--- The input ---

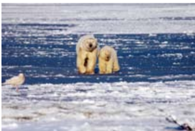
POLAR BEARS ( URSUS MARITIMUS ), ARCTIC NATIONAL WILDLIFE REFUGE, ALASKA.
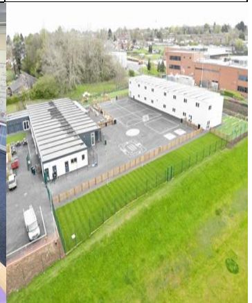
Our New School!!
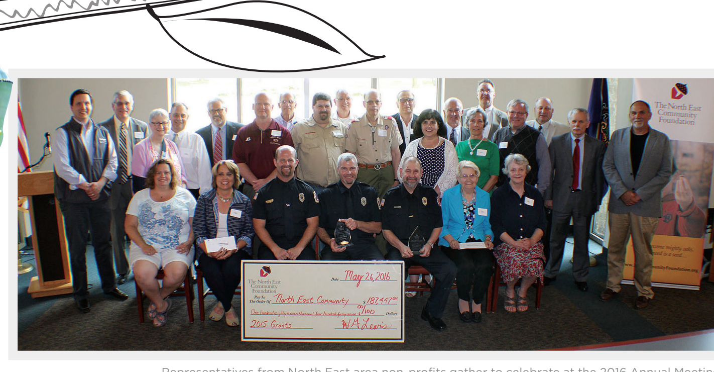
Representatives from North East area non-profits gather to celebrate at the 2016 Annual Meeting.
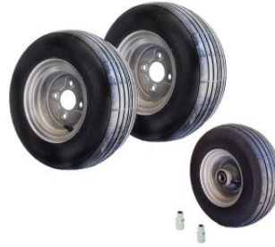
Ribbed wheels kit
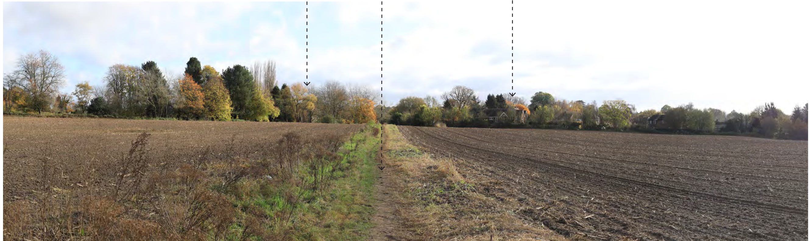
View 3: In views looking south across the Site from PROW UK011/97/10, there are glimpses of built form within Oxted on Wheeler Avenue and occasional glimpses of the church tower beyond the trees
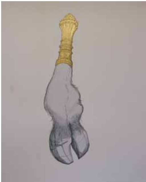
Drawing of a Hoof 2011 acrylic and ink on cardboard 40.6 x 33cm
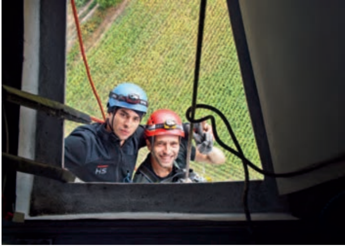
A head for heights is essential: climbers in action

The severely contaminated nacelles were then partially dismantled, loaded onto transporters and taken to Germany, to BELFOR DeHaDe's main repair factory in Hamm (Westphalia). With specialist equipment and machinery restoration expertise at the factory, the nacelles were thoroughly cleaned and returned to the manufacturer.
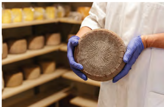
Right: Selecting the rounds at the Cartwheel Creamery.

---

Aim of the exercise:
One exact copy of the data, no pictures: write it out line for line.

Response box:
POLAR BEARS ( URSUS MARITIMUS ), ARCTIC NATIONAL WILDLIFE REFUGE, ALASKA.
Our New School!!
Representatives from North East area non-profits gather to celebrate at the 2016 Annual Meeting.
Ribbed wheels kit
View 3: In views looking south across the Site from PROW UK011/97/10, there are glimpses of built form within Oxted on Wheeler Avenue and occasional glimpses of the church tower beyond the trees
Drawing of a Hoof 2011 acrylic and ink on cardboard 40.6 x 33cm
A head for heights is essential: climbers in action

The severely contaminated nacelles were then partially dismantled, loaded onto transporters and taken to Germany, to BELFOR DeHaDe's main repair factory in Hamm (Westphalia). With specialist equipment and machinery restoration expertise at the factory, the nacelles were thoroughly cleaned and returned to the manufacturer.
Right: Selecting the rounds at the Cartwheel Creamery.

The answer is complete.